Row Level Security In SQL Server

SQL Server Row Level Security

Row-level security (RLS) is a feature added as of SQL Server 2016. Instead of encrypting or decrypting a database’s table data, it restricts and filters a table’s row-level data in accordance with security policies defined by the user. This enables the database engine to limit the number of exposed data rows. This is a simple and powerful SQL Server security control that is transparent to both clients and user applications.

Permissions

Creating, altering, or dropping security policies requires the ALTER ANY SECURITY POLICY permission.
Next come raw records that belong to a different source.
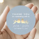 Elegant round wedding thank you sticker featuring two gold lovebirds on a soft dusty blue background with “Thank you for celebrating with us” above your names and wedding date. A beautiful finishing touch for sealing favour bags, gift boxes, or envelopes. Perfect for spring, summer, or early fall weddings with romantic, pastel, or bird-themed designs. Fully customisable to coordinate with your entire dusty blue and gold wedding suite.
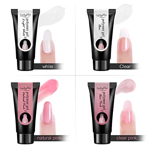 Luckyfine Polygel Uñas Kit, Extensión de Uñas Kit, Esmaltes de Gel Uñas Semipermanente, 4 x Polygel para Pintauñas, 1 x Top Coat, 1 x Base Coat, 100 x Tips, 1 x Limpiador de Uñas, 1 x Pincel
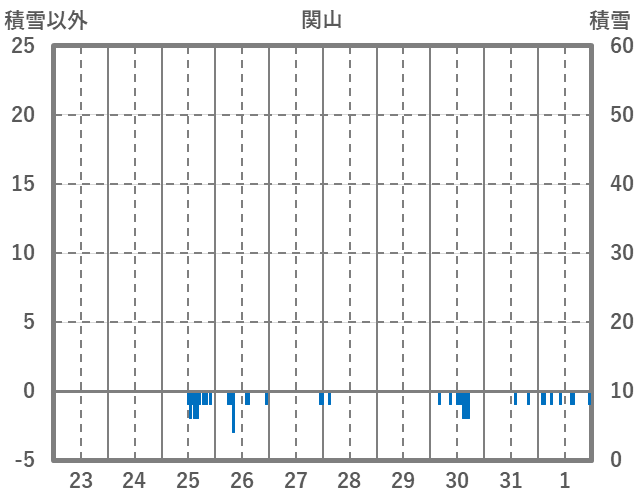 | 日 | 時 | 気温 | 降水 | 風向/風速 | 日照 | 積雪 | 降雪 |
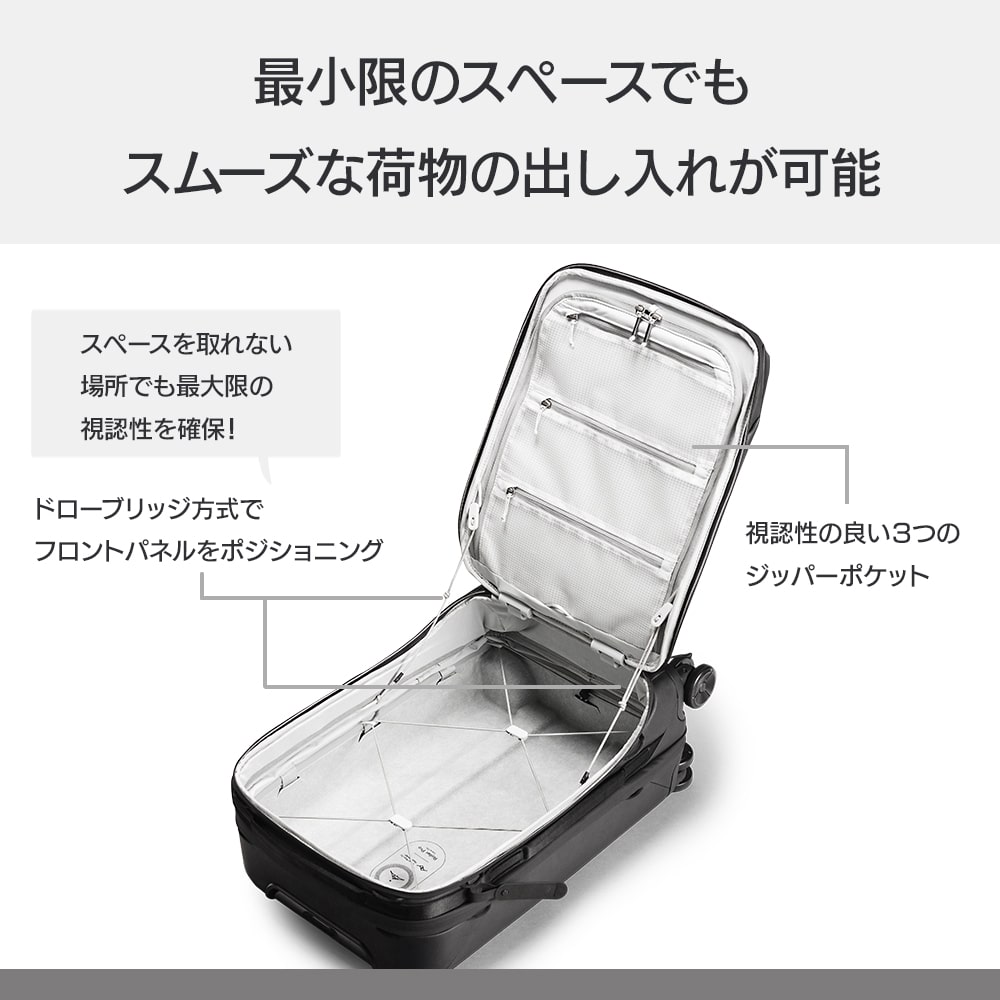 内側の収納スペースを犠牲にしないSlimDrive™(スリムドライブ)ハンドル構造により、コンパクトな外観ながらも34Lという容量で、十分な収納力を確保します。さらに、ケース外側のエクスパンションジッパーを開けて、容量を5L増やすことができます。
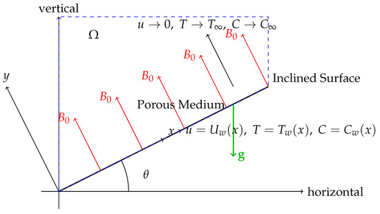 In this work, we consider the steady, two-dimensional boundary layer flow of a Casson fluid over an inclined nonlinear stretching surface embedded in a Forchheimer porous medium. The flow domain Ω R 2 is defined such that the x-axis lies along the inclined surface, and the y-axis is normal to it. The inclination angle of the surface is θ with respect to the horizontal axis. A schematic diagram of the physical model is depicted in Figure 1.
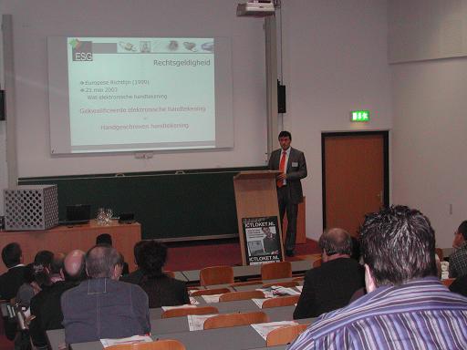 Vervolgens was de laatste spreker aan het woord namelijk de heer René Vaessen van IC3-Group/ ESG met het onderwerp digitale handtekening. Hij begon te vertellen over de betrouwbaarheid van communicatie over internet en communicatie over het internet bleek niet echt betrouwbaar te zijn. De oplossing is een digitale handtekening, met als doel; afsluiting, waardetoekenning, identificatie en is moeilijker te vervalsen. Hij vertelde over wetgeving, de wet elektronische handtekening, de soorten handtekeningen. Als voorbeeld werd de Smartcard met certificaat genoemd voor persoonlijke registratie en overdracht van het medium. De heer René Vaessen noemde voordelen, de toepassingsmogelijkheden en de taak van ESG.
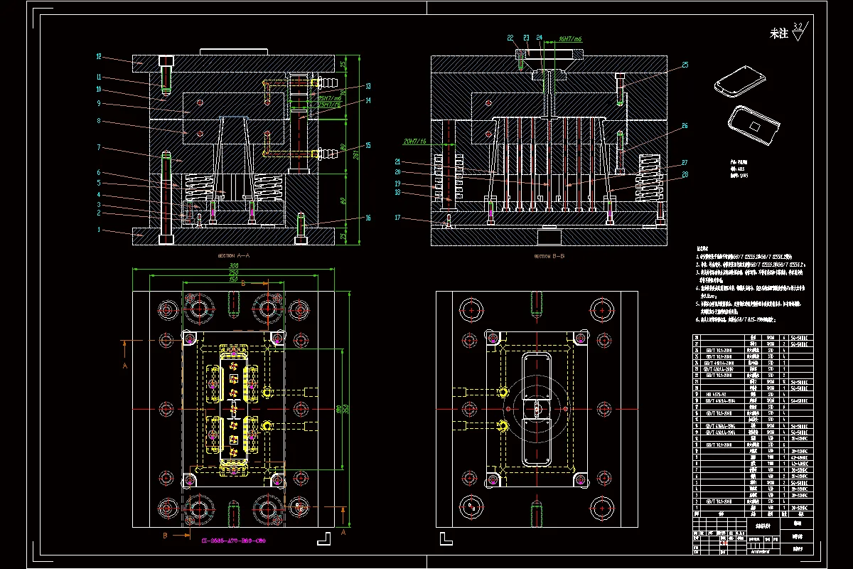 当画出塑件三维图了以后,确定塑件分型面为最大端面处,这样更还直观的可以看出开合模间隙。分型面确定好了以后有就开始型腔布局,如何更加经济和布局的时候需要考虑到之后型芯型腔的机械加工,经过分析布局为一模二腔的布局。再者就是设计流道的时候尽可能考虑到经济方面,流道尽可能不要太长,不要留有过多的废料。最关键在于成型零部件也就是型芯和型腔,设计的时候要额外仔细,数据把控需要很严谨,还有就是距离把控好,这直接关系到了塑件生产出来的质量以及外观。采用分布均匀的布局水道,充分冷却产品即可。然后顶杆布局需要受力均衡,顶出产品保证产品无顶白或者顶穿的情况,再设置弹簧,打螺丝,垃圾钉等等。设计完了以后仔细检查,再通过注塑机进行校核参数是否符合,计算相关尺寸。最后可以导出二维图也可以看见模具结构相互之间是否有干涉,或者遗漏相关的配合块等等,等确定无误以后再在CAD二维图里面进行标数,整理好相关图档、资料。

Creating or dropping a security policy requires ALTER permission on the schema.

Additionally, the following permissions are required for each predicate that is added:

·        SELECT and REFERENCES permissions on the function being used as a predicate.

·        REFERENCES permission on the target table being bound to the policy.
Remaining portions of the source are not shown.